→ **Work to complete**
Each line of the data below should be restated exactly, with images left out.

-------- Data section

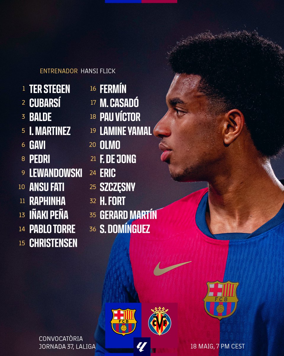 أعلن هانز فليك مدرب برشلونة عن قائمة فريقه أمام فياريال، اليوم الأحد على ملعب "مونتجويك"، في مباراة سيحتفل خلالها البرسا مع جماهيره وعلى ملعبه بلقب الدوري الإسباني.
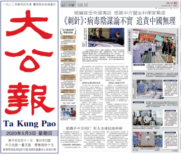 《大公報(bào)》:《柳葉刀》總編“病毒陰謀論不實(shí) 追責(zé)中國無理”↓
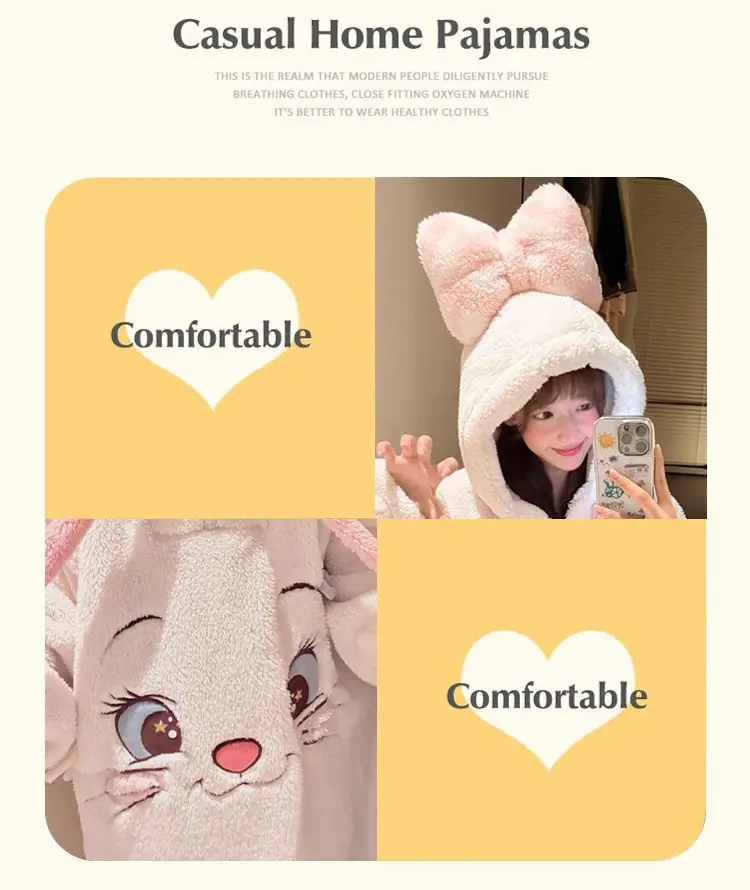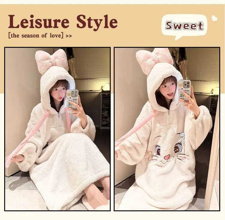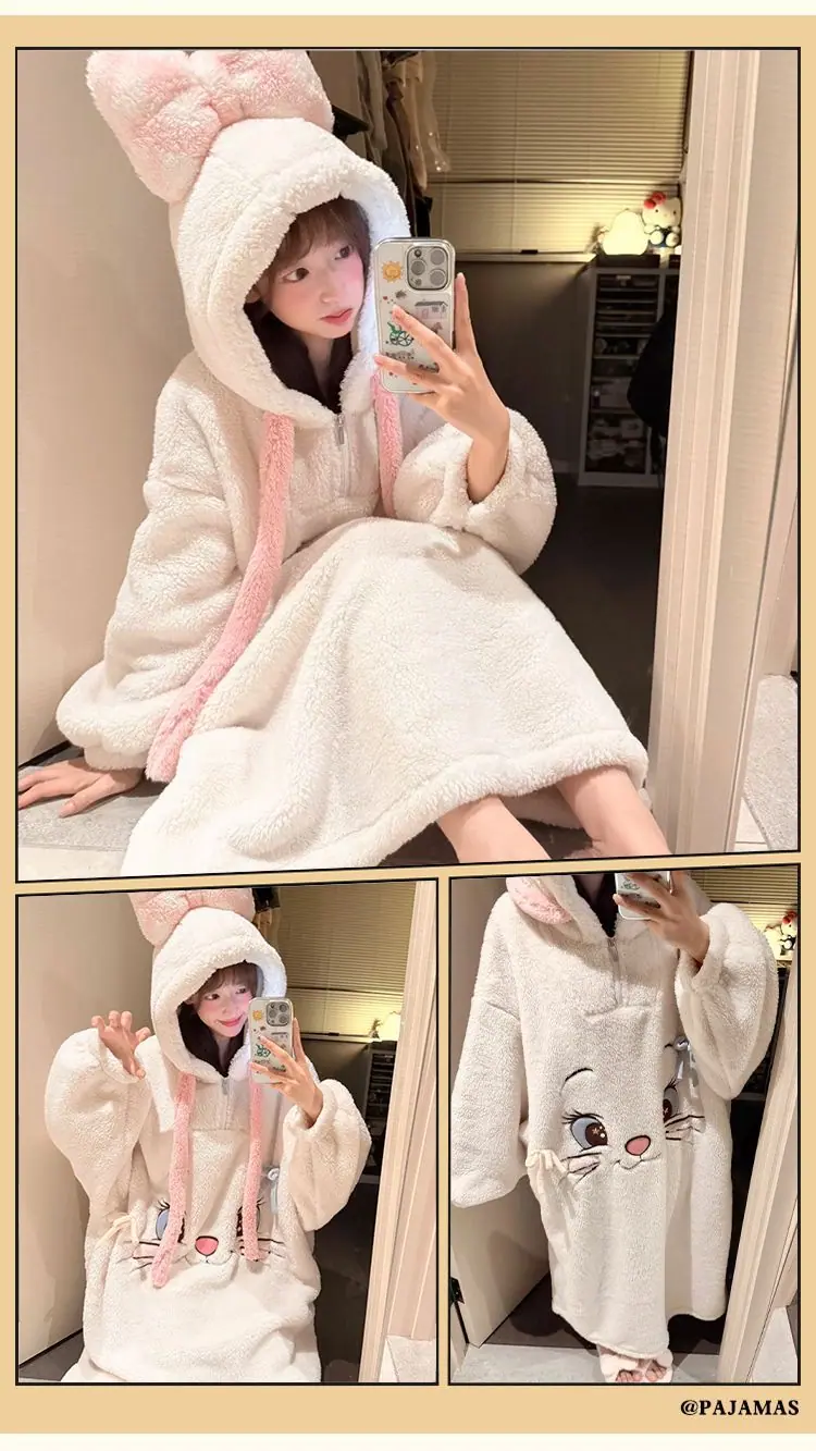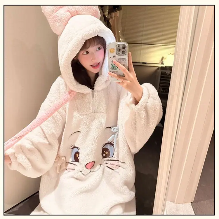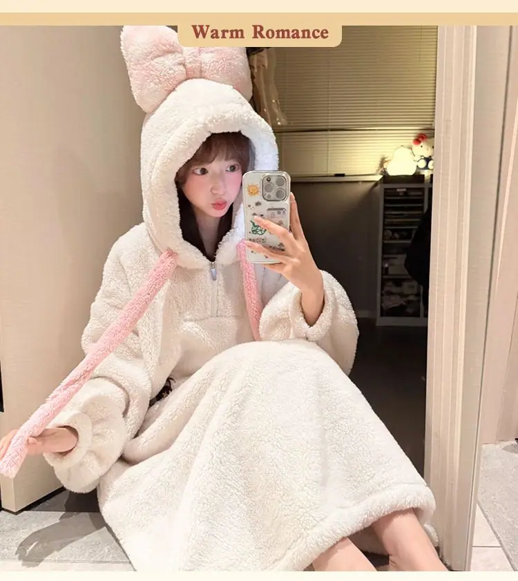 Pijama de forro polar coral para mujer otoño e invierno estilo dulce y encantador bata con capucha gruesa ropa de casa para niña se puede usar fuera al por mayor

----------------

→ **Output for this task**
 أعلن هانز فليك مدرب برشلونة عن قائمة فريقه أمام فياريال، اليوم الأحد على ملعب "مونتجويك"، في مباراة سيحتفل خلالها البرسا مع جماهيره وعلى ملعبه بلقب الدوري الإسباني.
 《大公報(bào)》:《柳葉刀》總編“病毒陰謀論不實(shí) 追責(zé)中國無理”↓
 Pijama de forro polar coral para mujer otoño e invierno estilo dulce y encantador bata con capucha gruesa ropa de casa para niña se puede usar fuera al por mayor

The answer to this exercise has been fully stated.